Open matthew-dean opened 1 year ago
I had a look through the code, and AFAICT, IGNORE_AMBIGUITIES
is never checked before building an ambiguity error? I think this is subverting Chevrotain's default behavior, which is that even if two alternatives match entirely (or their lookaheads do), the first one can be chosen and the warning is suppressed.
You're right, we currently don't check the flag. Note that an ambiguity in this package hints at a very serious grammar flaw and should not be disregarded. Compared to the LL(k) lookahead, an ambiguity in ALL(*) leads to very serious performance degradation, as the algorithm doesn't stop until it is absolutely sure it's ambiguous. Likely what you're experiencing in https://github.com/langium/chevrotain-allstar/issues/5.
You can override the print behavior anyway with the constructor options of the strategy.
@msujew You're right. I get degraded performance when ambiguities exist. I assume that gates are applied before checking for ambiguities?
I assume that gates are applied before checking for ambiguities?
Yes, similar to the default LL(k) behavior in Chevrotain, gates are checked beforehand. In ANTLR4, gates are checked on demand, but that also leads to performance issues in ambiguous grammars - just different ones. While chevrotain-allstar struggles if the gates are expensive, ANTLR4's strategy struggles in case of long prefixes (that could be resolved by performing the gate check beforehand).
An adaptive gate evaluation mode (i.e. try lazy until encountering a long prefix - then switch to eager evaluation) would be quite interesting to investigate.

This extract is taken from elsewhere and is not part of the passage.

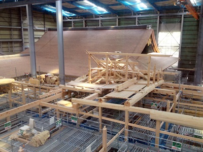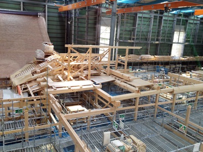 ヘルメットかぶって工事現場も見学。足場は現代風だが工法はできる限り歴史的なやり方だそうだ。

Unfortunately nothing I have time for in the foreseeable future :(
@msujew Is there a way to tell chevrotain-allstar
to ignore a certain path when testing for ambiguity?

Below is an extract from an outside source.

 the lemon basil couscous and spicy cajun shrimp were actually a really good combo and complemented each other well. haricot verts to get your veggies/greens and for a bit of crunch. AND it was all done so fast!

Note that an ambiguity in this package hints at a very serious grammar flaw and should not be disregarded.
I don't necessarily disagree, but CSS's grammar is defined with ambiguities, and CSS is not a niche grammar.
To explain: in CSS, there are a number of places in the definition where it specifies a specific token pattern, but it has a "fallback" definition. For instance, for a media query, it allows a parenthetical like (min-width: 640px)

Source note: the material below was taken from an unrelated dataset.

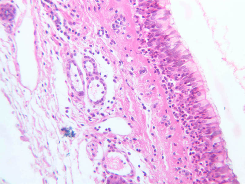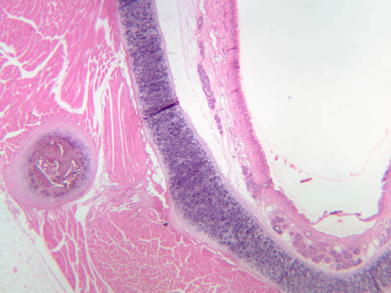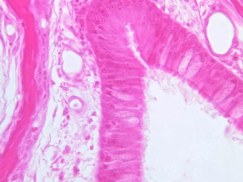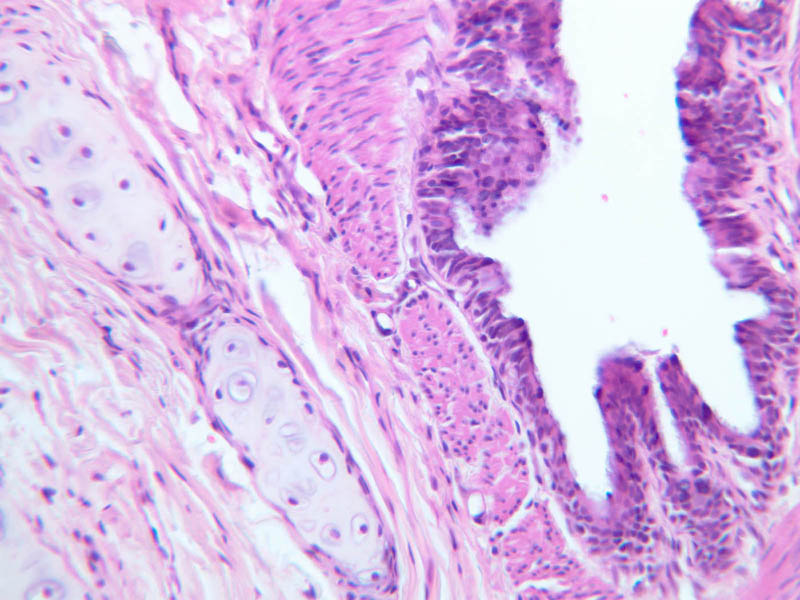 26 Pseudostratified Epithelium (none) H&E a74 bronchus 10x labeled.jpgA74, Lung, 10x

, or a "range" like (width > 640px)
OR what it calls "general enclosed" which is ([any sequence of tokens])
. Obviously, any sequence is inherently ambiguous and can match the other two patterns. CSS is intentionally ambiguous in lots of places, because the intention is that it's up to a user agent to interpret what that sequence of tokens may mean, if anything. So, there are increasingly places in CSS grammar where it basically says to "try and restart". I know Chevrotain by default doesn't handle this very well, but I'm wondering if this package may help.
So, in my case, I want it to determine if it's a declaration or a range, but only if it fully matches. Otherwise, it should just parse as a general sequence of tokens. Can you think about the best way to approach this?
I tried something like the following, because I naively thought that perhaps if I only passed on alternation into the lookahead function at a time, that would be the only one "tested".
orInternal<T>(
altsOrOpts: Array<IOrAlt<any>> | OrMethodOpts<unknown>,
occurrence: number
): T {
let alts: Array<IOrAlt<any>>
let laKey = this.getKeyForAutomaticLookahead(OR_IDX, occurrence)
let optionalAlt = false
if (isArray(altsOrOpts)) {
alts = altsOrOpts
} else {
alts = altsOrOpts.DEF
if (altsOrOpts.IGNORE_AMBIGUITIES) {
optionalAlt = true
}
}
let laFunc = this.getLaFuncFromCache(laKey)
let altIdxToTake: any
if (optionalAlt) {
let altLength = alts.length
for (let i = 0; i < altLength; i++) {
let alt = alts[i]!
/** Try a single alt at a time */
let pass = laFunc.call(this, [alt])
if (pass !== undefined) {
altIdxToTake = i
break
}
}
} else {
altIdxToTake = laFunc.call(this, alts)
}
if (altIdxToTake !== undefined) {
const chosenAlternative: any = alts[altIdxToTake]
return chosenAlternative.ALT.call(this)
}
this.raiseNoAltException(
occurrence,
(altsOrOpts as OrMethodOpts<unknown>).ERR_MSG
)
}
Unfortunately, I discovered that the lookahead functions are pre-cached for each alternation set, so this didn't work. 🤔
Correct me if I'm wrong, but I would think that this algorithm would be tolerant with ambiguities in OR expressions. To be fair, this lookahead strategy eliminates most ambiguity warnings, but sometimes, some persist, and
IGNORE_AMBIGUITIES
has no effect. Is there a workaround?